Generally, when dividends are paid by a Maltese company, the shareholders become entitled to claim refunds of 6/7 of the Maltese corporate income tax paid. This results in an effective corporate income tax rate of 5 percent. The refunds are payable within 14 days from the last day of the month in which the request is made to the Maltese tax authorities.
Therefore, if a Maltese CFC earns certain types of income that would otherwise be considered subpart F income (e.g., gains from the sale of stocks or securities), that income may not be considered as subpart F income as it initially will be subject to corporate income tax in Malta at a 35 percent rate. Based on the regulations discussed above, this result should not be affected by a subsequent distribution of the earnings of the Maltese company that causes a reduction in the effective corporate income tax paid in Malta to a rate as low as 5 percent.
It also may be possible to continue to defer the income earned by the Maltese CFC from U.S. federal income tax by using a Maltese holding company to own the shares in the Maltese operating company. This would allow the dividend (and the corresponding Maltese tax refund) to be received by such Maltese holding company without those amounts being subject to U.S. federal income tax until repatriated by the holding company, to the United States.

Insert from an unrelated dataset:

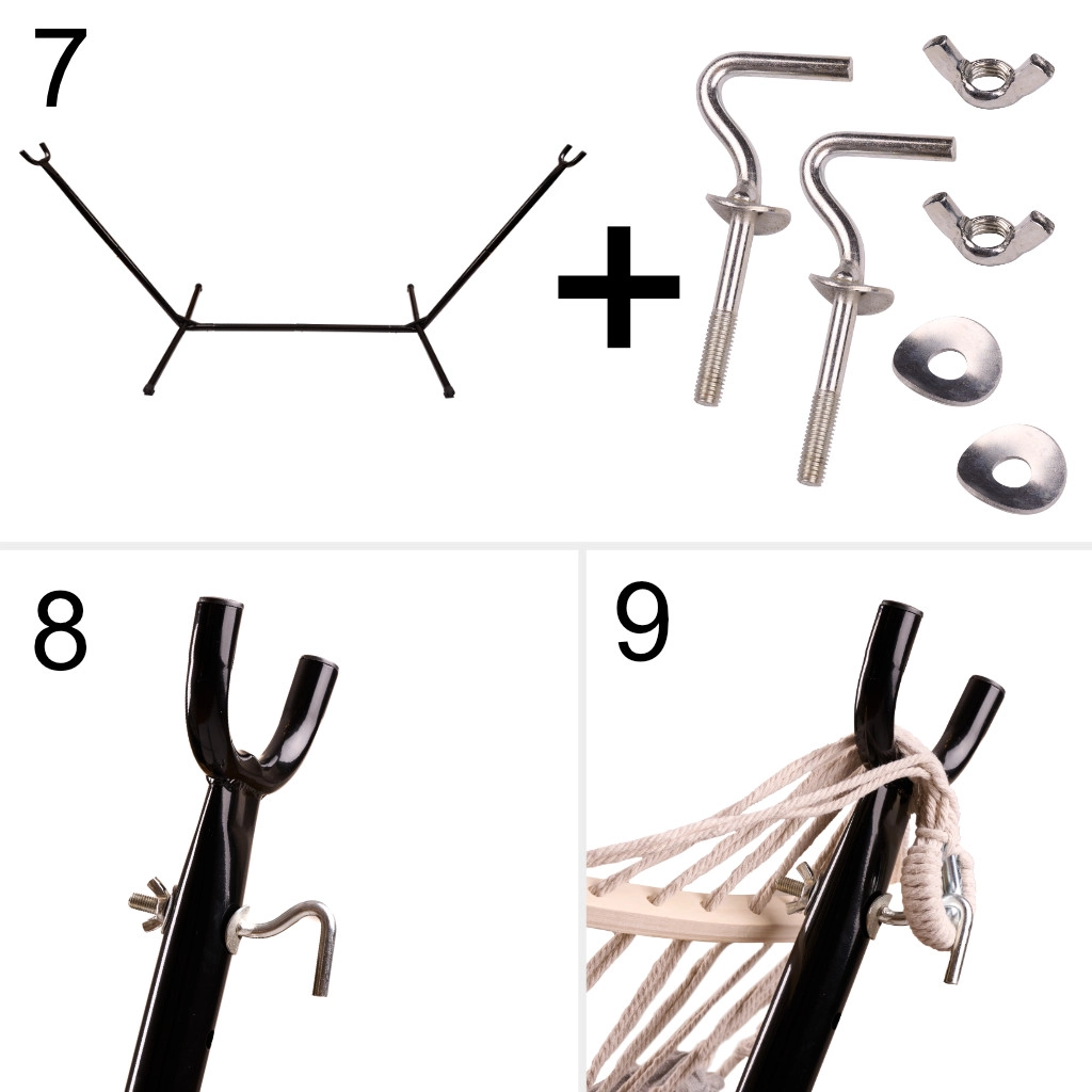 La barre d’écartement en bois facilite l’installation et la sortie et maintient la surface de couchage bien ouverte. Le set comprend en plus les outils de montage et un sac de transport avec poignées, pour déplacer ou ranger le hamac facilement. Idéal pour le jardin, la terrasse et les grands balcons – sans perçage et sans compromis.

When the Maltese holding company does pay a dividend to the United States, such dividend should be eligible for qualified dividend rates because the United States and Malta have a comprehensive income tax treaty.
Accordingly, if successful, this structure would allow a U.S. taxpayer to defer from U.S. federal income tax certain types of income or gains that would otherwise be characterized as subpart F income (e.g., short-term or long-term capital gains, dividends, royalties, etc.) and convert such income from ordinary income (currently taxed at a maximum rate of 39.6 percent) into qualified dividend income (currently taxed at a maximum income tax rate of 20 percent), despite the fact that the effective foreign income tax rate paid would only be 5 percent.